# [To do]
Take the entries that follow and return only the lines from the one with "總統車隊進入到川普大廈的地下" through the final line, leaving every picture behind.

Start of Block

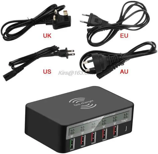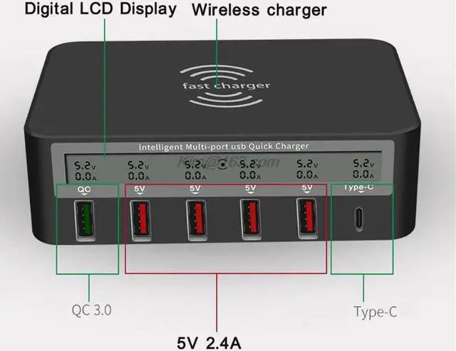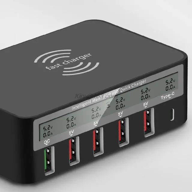 Multiple USB Charger With Smart LCD Display, Smart LCD screen to show the charging status(output voltage and current) of every USB ports,Wireless Charger without display.
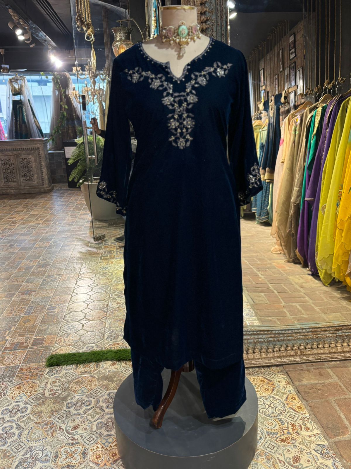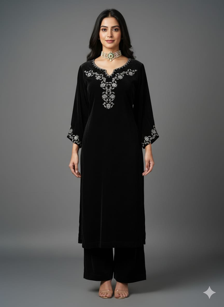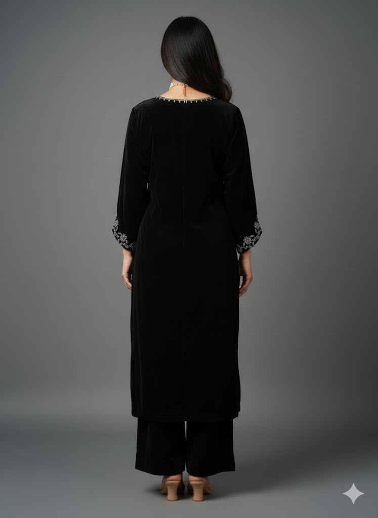BLACK VEVET KURTA SET
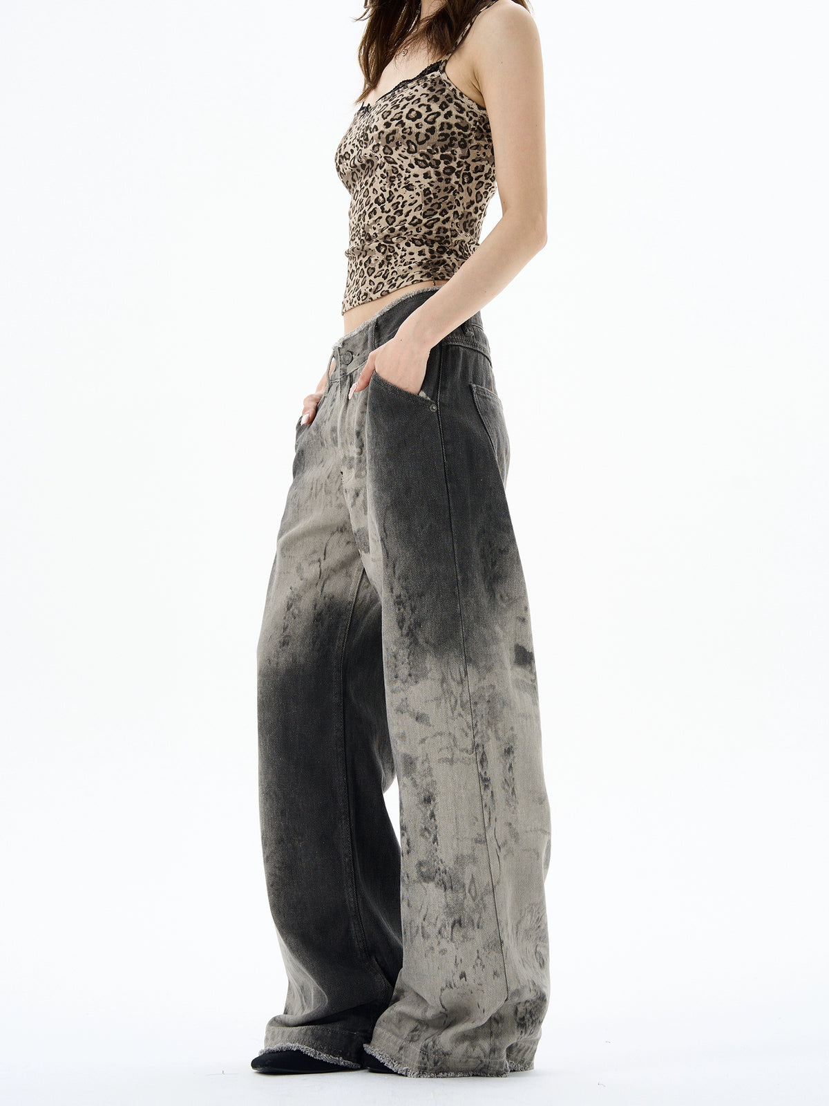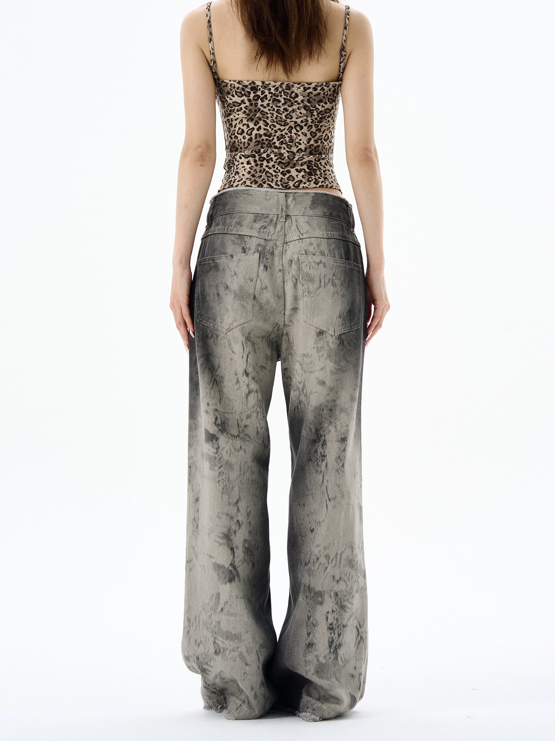 بنطلون واسع الساق بحواف خام مع جرافيتي متأزم
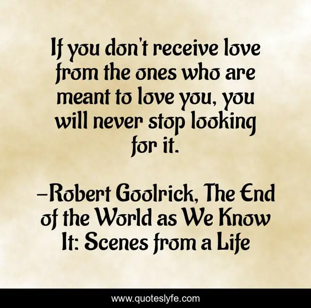 "Robert Goolrick, The End of the World as We Know It: Scenes from a Life Quotes." Quoteslyfe.com, 2025. Sun. 07 Dec. 2025. <https://www.quoteslyfe.com/quote/If-you-don-t-receive-love-from-469>.
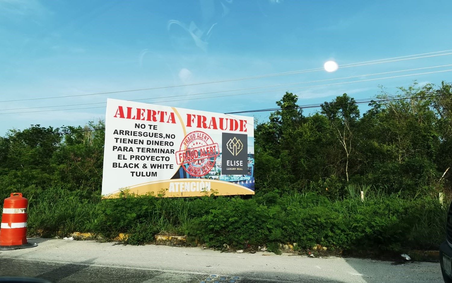 PLAYA DEL CARMEN, Quintana Roo, 21 de junio. – Alertan mediante un espectacular, de los posibles fraudes que comete la desarrolladora Elise Real Estate en el municipio de Tulum.
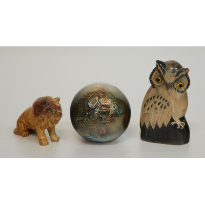 Lotto composto da due animaletti in legno e una sfera in metallo argentato, misure diverse
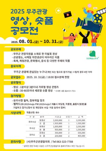 “2025 무주 관광 영상·숏폼 공모전” 관련 자세한 내용은 (사)무주군관광협의회 누리집 공지 사항을 참고하거나 전화로 문의하면 된다.
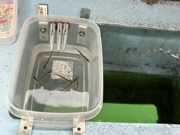 マイナス5度、早朝の湖でワカサギ釣りです。
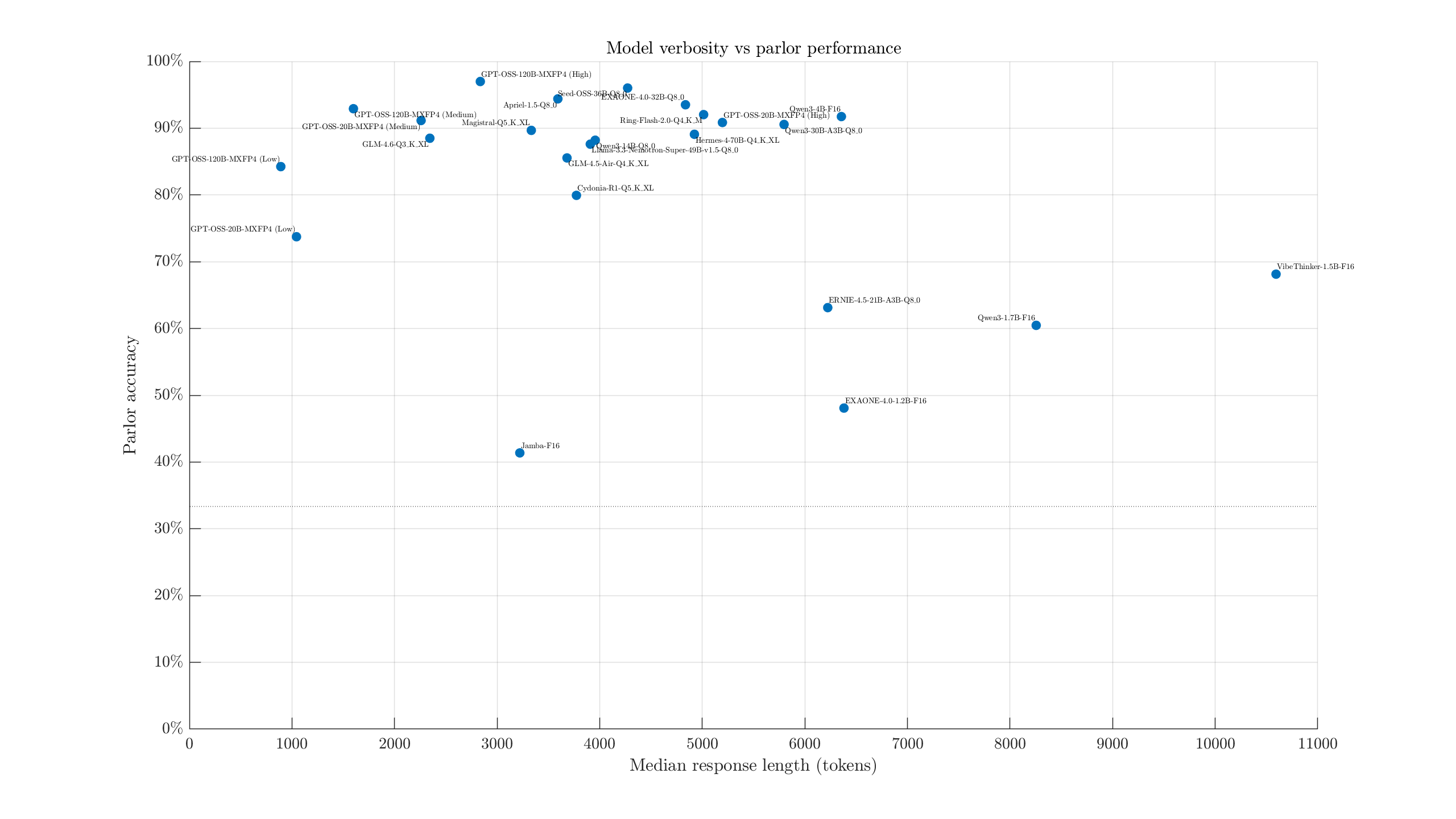 Setting aside model size, this contrasts performance with verbosity. Ideally, we'd want a model in the top left: high accuracy, few tokens to get there. GPT-OSS-120B most clearly occupies that spot.
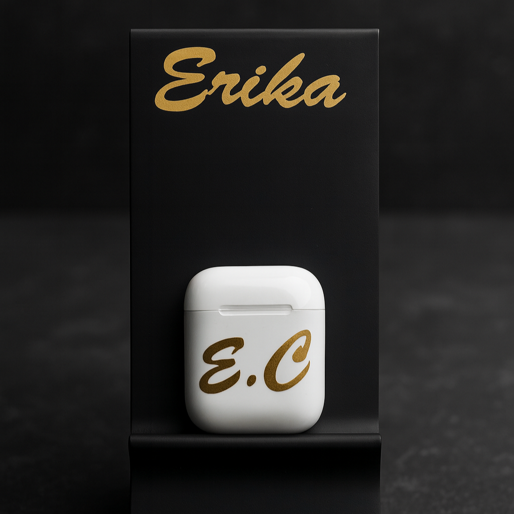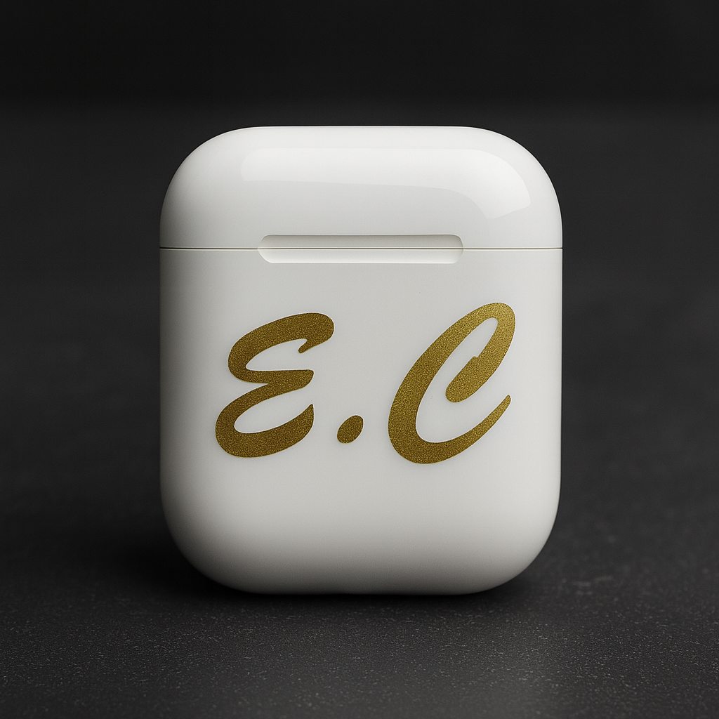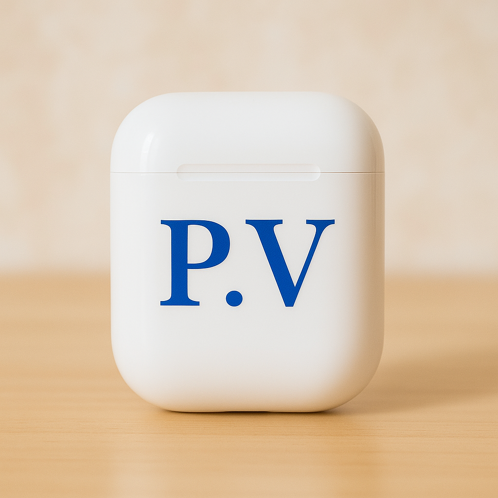 Gör dina AirPods unika med en personlig dekal i självhäftande vinyl. Välj initialer i valfri färg och typsnitt. Enkel att sätta på, slitstark och lämnar inga märken. Perfekt för AirPods-fodral och andra släta ytor.
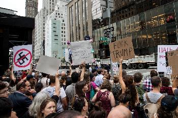 總統車隊進入到川普大廈的地下停車場時,抗議者高呼著口號「恥辱!恥辱!」,這是由於週末在弗吉尼亞州夏洛茨維爾發生的致命暴力事件,以及總統川普最初拒絕譴責白人至上主義者所引起的憤怒。此外,一小群(大約16人)川普支持者,被警察隔離起來,這些支持者高喊著「讓美國變白」,並且揮舞著旗幟,嘲弄其他示威者,川普的支持者不得不待在川普大廈前的警察圍欄裡。
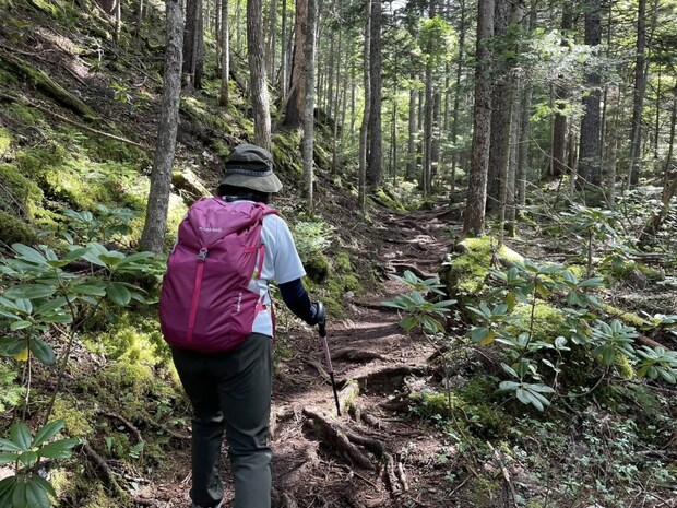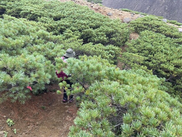5合目を過ぎた辺りから登山道の様子は変わり始め、ハイマツ帯を進んでいきます。
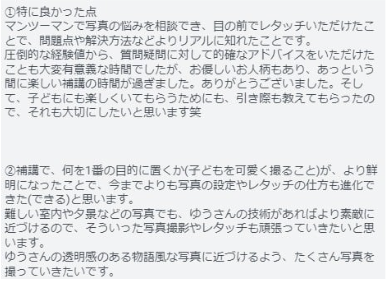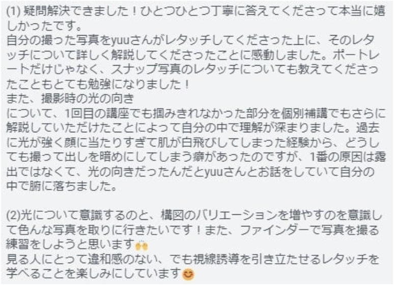 プレミアムコースは撮り方も丁寧に寄り添ってくださるので上達が早いですし、何よりYuuさんとの会話が毎回楽しかったです♡

End of Block

# [Finished exercise]
 總統車隊進入到川普大廈的地下停車場時,抗議者高呼著口號「恥辱!恥辱!」,這是由於週末在弗吉尼亞州夏洛茨維爾發生的致命暴力事件,以及總統川普最初拒絕譴責白人至上主義者所引起的憤怒。此外,一小群(大約16人)川普支持者,被警察隔離起來,這些支持者高喊著「讓美國變白」,並且揮舞著旗幟,嘲弄其他示威者,川普的支持者不得不待在川普大廈前的警察圍欄裡。
5合目を過ぎた辺りから登山道の様子は変わり始め、ハイマツ帯を進んでいきます。
 プレミアムコースは撮り方も丁寧に寄り添ってくださるので上達が早いですし、何よりYuuさんとの会話が毎回楽しかったです♡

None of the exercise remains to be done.